…but I think they fall into four broad categories:
The majority simply stop showing up, without explanation or warning. I’ve sometimes sent an e-mail when it’s an author or regular commenter who has vanished without any indication of dissatisfaction or discomfort. Sometimes, it just turns out that busyness of one kind or another has taken over, sometimes only temporarily. Sometimes, for whatever unstated reason, the person who has lost the habit just never picks it up again.
Others are polite enough to state clear reasons, either in an e-mail or within the blog, in a way that gives others a chance to address misunderstandings or at least to say good-bye, good luck, no hard feelings…
A few force their own banning by disruptive behavior. We’ve had one or two of them.

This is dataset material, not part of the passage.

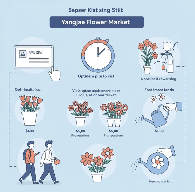 - 최적 방문 시간: 오전 7~9시 (가장 신선한 꽃 입고)

A few, however, feel the need to “storm out,” typically while making some charge or claim, taking some Parthian shot, whose answer they are unwilling to consider, or to be known to have absorbed. Their exits usually come at the end of discussions in which they have been presented with facts or arguments that they, for whatever reason, would prefer not to confront. The phony pretext erases and replaces the actual cause of discomfort, the unfair rebuke exposing us in a moment to the kind of insensitivity or even hostility that the one who rebukes must feel we – and especially whichever one of us he happens to single out (not always me) – have shown to him over extended periods.

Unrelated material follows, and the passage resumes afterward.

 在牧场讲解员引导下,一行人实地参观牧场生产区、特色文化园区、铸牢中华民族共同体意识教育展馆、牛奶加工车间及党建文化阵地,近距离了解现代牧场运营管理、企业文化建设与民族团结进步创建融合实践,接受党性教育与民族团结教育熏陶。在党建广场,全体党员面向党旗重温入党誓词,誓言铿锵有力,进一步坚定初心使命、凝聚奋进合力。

I imagine miguel or Sully or Howard or JEM or Peter or Zoltan returning, perhaps briefly or against their will, to see the reaction, if any, or telling himself (none of the women has checked out in this way, hurling accusations) that if we really valued his contribution we would chase after him, like the beloved in the imagination of the unrequited lover after the ultimatum. I think we’ve probably all been there in one way or another, both in the real world and the virtual one, but they obviously have no interest in whatever sympathy we might have offered them, just as their behavior tends to justify our failure to offer more of it – or to pursue them.
Cuz at some level they’re right. We’re not in love, and that part about being friends was mostly just “being nice.”
If you’d gone to the concert everything would have been okay. Of course, you’re correct response to that–if I hadn’t continued here–would have been that things are okay anyway. And they are. But, in my opinion, you and miggs were friends–albeit combative ones. I think you put a lot of effort into the relationship and it was a worthy effort. There was a chance for it to work. The chance was small but that made the effort heroic, and now, again in my opinion, it would be better to acknowledge yourself for trying to help someone who is horribly misguided and yet very unique. I’m not sure that can be done well without recognizing the truth about you two being friends. Pardon the pop psychology.